With respect to your divestitures question, I think the businesses that we own are, with the exception of CO2 oil and gas because the CO2 pipeline business, they all have a lot of similarities. And so there's synergies in owning them together. I mean, we have one project management group. We've got one pipeline integrity group across all the businesses. And so we are able to have centralized services, and that allows some synergies in owning these together. You can have some similarities in regulatory environments that help you more easily understand these. So they're good cash flow assets. Again, we like the inflation escalators and the products and terminals business.

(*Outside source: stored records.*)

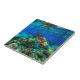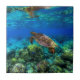 Schwimmen mit den exotischen tropischen Meeresschildkröten! Lebhaftes Foto erschossen Tauchen direkt unter der Oberfläche des blauen tropischen Meerwassers. Die Meeresschildkröten schwimmen um das Korallenriff herum und in der Nähe gibt es kleine, bunte tropische Fische. Meeresschildkröten können bis zu 100 Jahre leben, bis zu 5 Stunden lang unter Wasser halten, Quallen essen und bis zu 2.000 LBS wiegen. Dekoration im tropischen Theme? Mit dieser hochwertigen Tropen-Foto-Keramik-Kachel können Sie Ihre Kreativität wirklich präsentieren.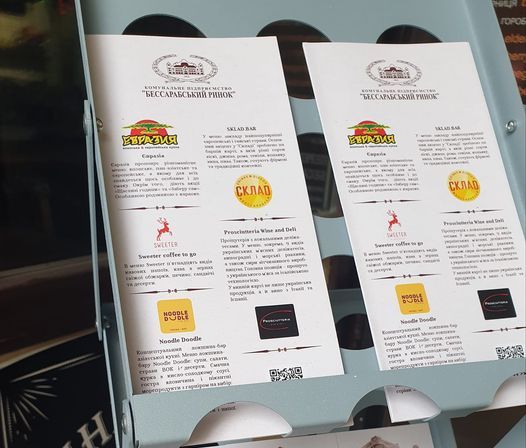 Для удобства гостей Бессарабского рынка на всех входах разместили буклеты с информацией о заведениях на нашей территории, что поможет вам выбрать меню по вкусу и настроению на завтрак, обед и ужин. Сканируйте QR-код на буклете и получайте более детальную информацию.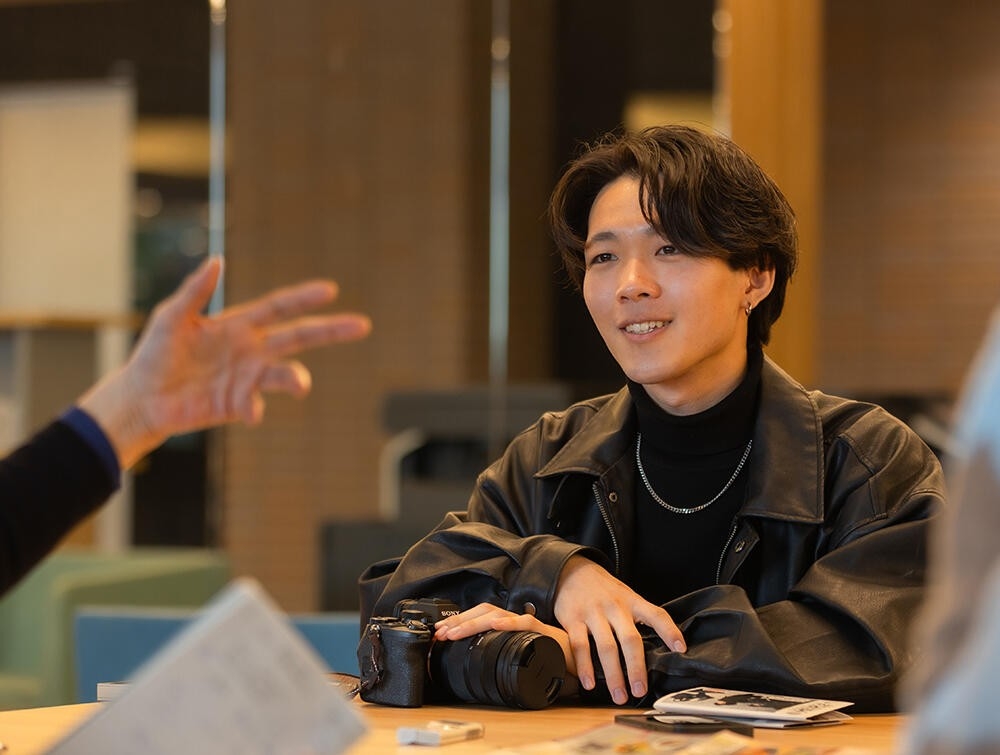 学内で配布されている情報紙「MEIPLE」でファッションスナップを担当したのは写真部の部員たち。2024年、この写真部に凄腕の新入生、神藤康太郎さんが入部した。

And so there are dyssynergies taking them apart both on the cost side and then potentially on interest. And owning all these businesses together gives us opportunities for conversion.

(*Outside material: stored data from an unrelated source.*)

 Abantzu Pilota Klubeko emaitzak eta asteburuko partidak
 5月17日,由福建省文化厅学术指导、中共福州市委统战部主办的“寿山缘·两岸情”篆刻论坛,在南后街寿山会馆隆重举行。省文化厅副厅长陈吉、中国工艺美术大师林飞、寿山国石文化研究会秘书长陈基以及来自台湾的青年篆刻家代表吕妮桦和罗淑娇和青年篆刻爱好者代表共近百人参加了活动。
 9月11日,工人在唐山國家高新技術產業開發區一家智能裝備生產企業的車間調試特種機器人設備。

So we've converted product pipelines to natural gas and natural gas products to crude and crude products to NGLs. So there's opportunities as a result of owning different pipelines. So on the CO2 business, it's a relatively small portion of our business now. It's 7% of our business. We make great returns on that business. There aren't a lot of people who know how to do that. Last time I looked at the projects, I think every project, what, one was well above 20%. So it's not like we're just hitting the minimum thresholds there. Most of them are really nice returns. So I think that's a business that we'll continue to own. But we are rational economic creatures, and so our businesses are for sale every day.
If we get the right price for our business, we are happy to sell it, take the cash proceeds, and redeploy them into higher returning projects.
I think the only thing I add to that, which is, I think, fairly odd from what Kim said, is in those products and terminal segments where you've got that very consistent cash flow, there's not a whole lot of CapEx investment that we're having to make in those businesses. So basically, you're getting the cash flow off those that are allowing us to then redeploy that capital as it sits right now into more of those gas projects that we have.